◆ Your instructions: From the entries below, reproduce exactly the lines from the one with "2024年,全国腹透在透总人" through the one with "2.通過2-溴苯腈和鹽酸胍合成2,4-二氨基喹唑啉,收率約64%;", both included, without images.

◆ Data in this exercise:

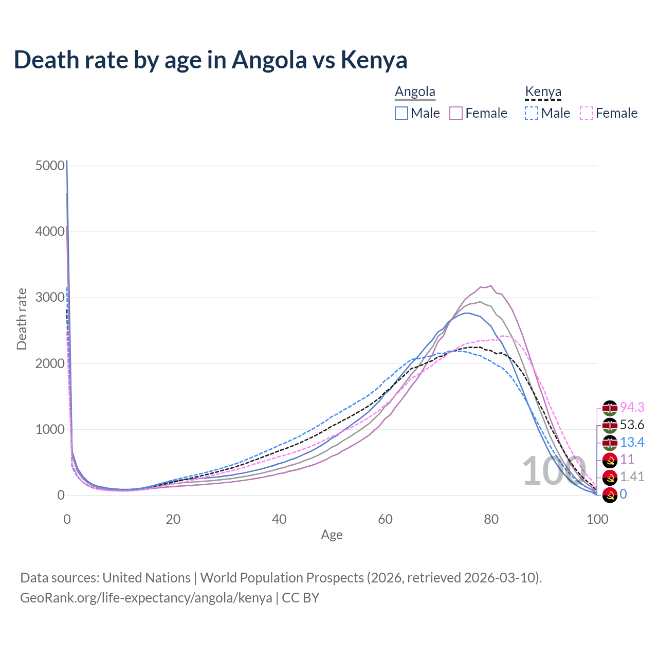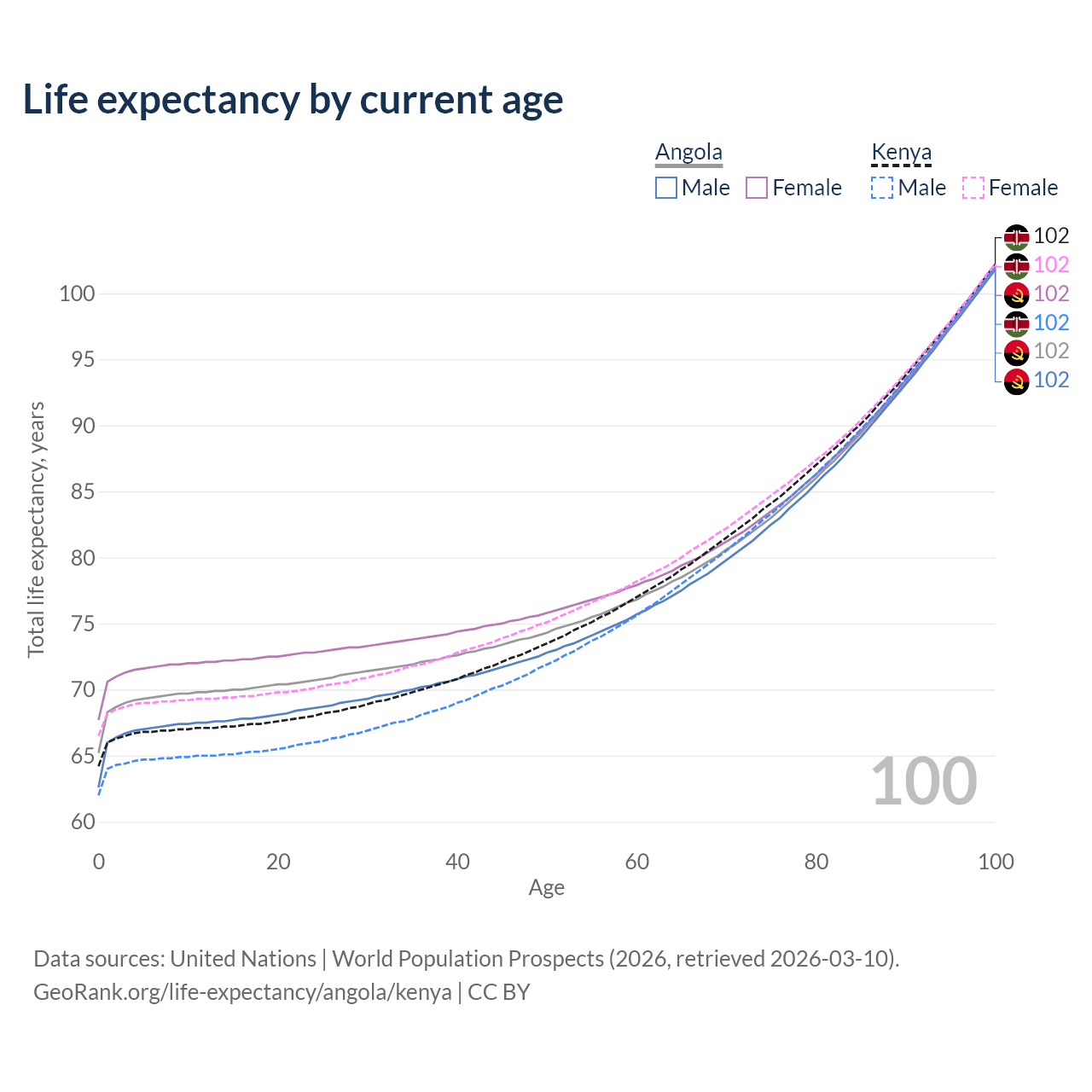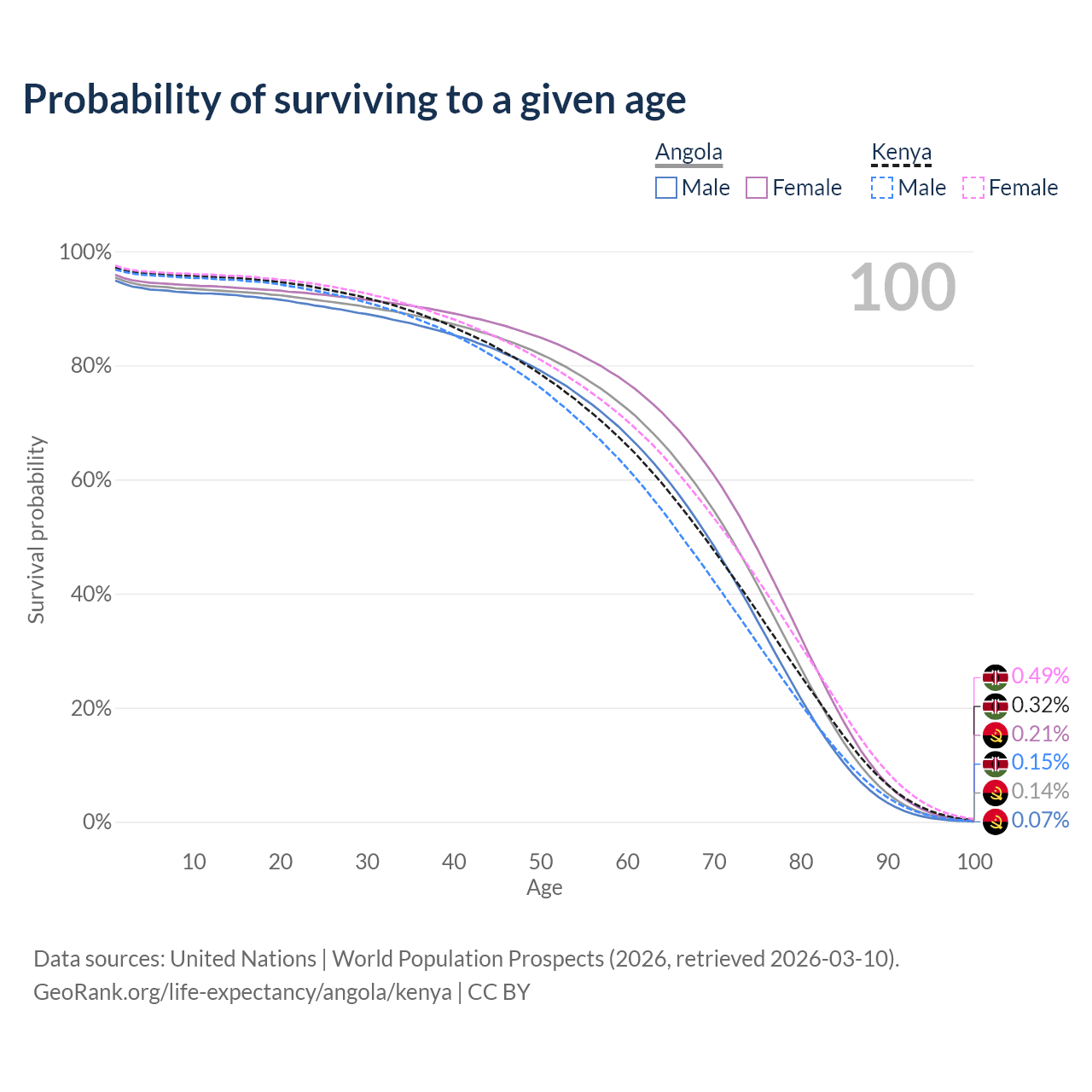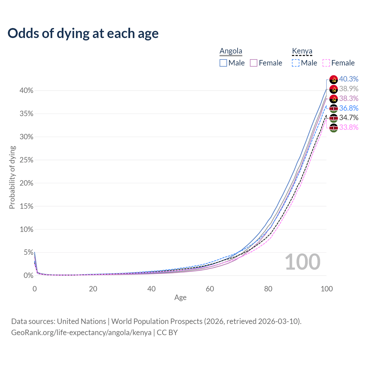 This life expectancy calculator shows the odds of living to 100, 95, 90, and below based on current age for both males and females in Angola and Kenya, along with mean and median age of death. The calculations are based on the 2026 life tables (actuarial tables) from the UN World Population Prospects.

==

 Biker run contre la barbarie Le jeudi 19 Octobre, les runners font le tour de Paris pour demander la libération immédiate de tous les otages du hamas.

==

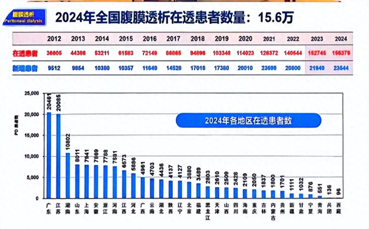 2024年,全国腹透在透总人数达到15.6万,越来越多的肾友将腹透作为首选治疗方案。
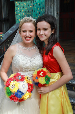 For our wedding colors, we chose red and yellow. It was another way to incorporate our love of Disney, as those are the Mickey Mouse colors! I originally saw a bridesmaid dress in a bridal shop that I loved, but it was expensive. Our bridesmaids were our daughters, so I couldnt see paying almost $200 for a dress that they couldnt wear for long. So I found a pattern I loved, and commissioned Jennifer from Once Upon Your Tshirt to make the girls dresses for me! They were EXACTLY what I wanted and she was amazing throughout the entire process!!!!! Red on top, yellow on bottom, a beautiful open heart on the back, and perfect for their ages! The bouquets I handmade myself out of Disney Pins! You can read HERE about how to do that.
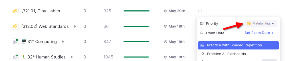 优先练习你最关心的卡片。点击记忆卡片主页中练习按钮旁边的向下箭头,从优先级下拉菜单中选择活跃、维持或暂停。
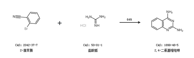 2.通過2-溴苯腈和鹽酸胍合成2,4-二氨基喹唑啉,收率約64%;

◆ Task output:
 2024年,全国腹透在透总人数达到15.6万,越来越多的肾友将腹透作为首选治疗方案。
 For our wedding colors, we chose red and yellow. It was another way to incorporate our love of Disney, as those are the Mickey Mouse colors! I originally saw a bridesmaid dress in a bridal shop that I loved, but it was expensive. Our bridesmaids were our daughters, so I couldnt see paying almost $200 for a dress that they couldnt wear for long. So I found a pattern I loved, and commissioned Jennifer from Once Upon Your Tshirt to make the girls dresses for me! They were EXACTLY what I wanted and she was amazing throughout the entire process!!!!! Red on top, yellow on bottom, a beautiful open heart on the back, and perfect for their ages! The bouquets I handmade myself out of Disney Pins! You can read HERE about how to do that.
 优先练习你最关心的卡片。点击记忆卡片主页中练习按钮旁边的向下箭头,从优先级下拉菜单中选择活跃、维持或暂停。
 2.通過2-溴苯腈和鹽酸胍合成2,4-二氨基喹唑啉,收率約64%;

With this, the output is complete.